Exodus 20:16 has as its first aim the regulation of witness testimony in the courtroom. As one commentator has noted, judges and attorneys can do their jobs with integrity, but the whole legal system fails to protect the innocent and convict the guilty when witnesses can lie with impunity. So concerned is God to protect justice that in ancient Israel, a malicious, lying witness was to bear the same punishment that the accused would have endured if the false word had led to a false conviction (Deut. 19:15–21). Yet the legal setting is not the only one in which the ninth commandment is to function. Like the rest of the Decalogue, its application is broader, as is seen in the Lord’s concern for truth throughout Scripture (Ps. 15:1–3; Prov. 23:23; John 4:24).

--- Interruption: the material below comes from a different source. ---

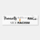 Detta antirasistiska klistermärke som bidrar till att främja jämlikhet har ett informationsband för orangen (som stöder avskaffandet av rasdiskriminering) och ett ordspråk som lyder: Humanitet bör vara vår tävling STOP RACISM.

John Calvin comments, “Although God seems only to prescribe that no one, for the purpose of injuring the innocent, should go into court, and publicly testify against him, yet it is plain that the faithful are prohibited from all false accusations, and not only such as are circulated in the streets, but those which are stirred in private houses and secret corners.” Given this reality, it is easy to see that the ninth commandment is perhaps the law most often broken in the covenant community, or at least the statute most overlooked. How easily do we repeat gossip or allow others to be slandered in our presence without saying anything? Today, rumors are spread online, and professing Christians sign up on blogs under false names and post insulting comments about other believers and public figures. All of these are violations of the ninth commandment, which orders us to watch what we say in order that it might be nothing but the truth.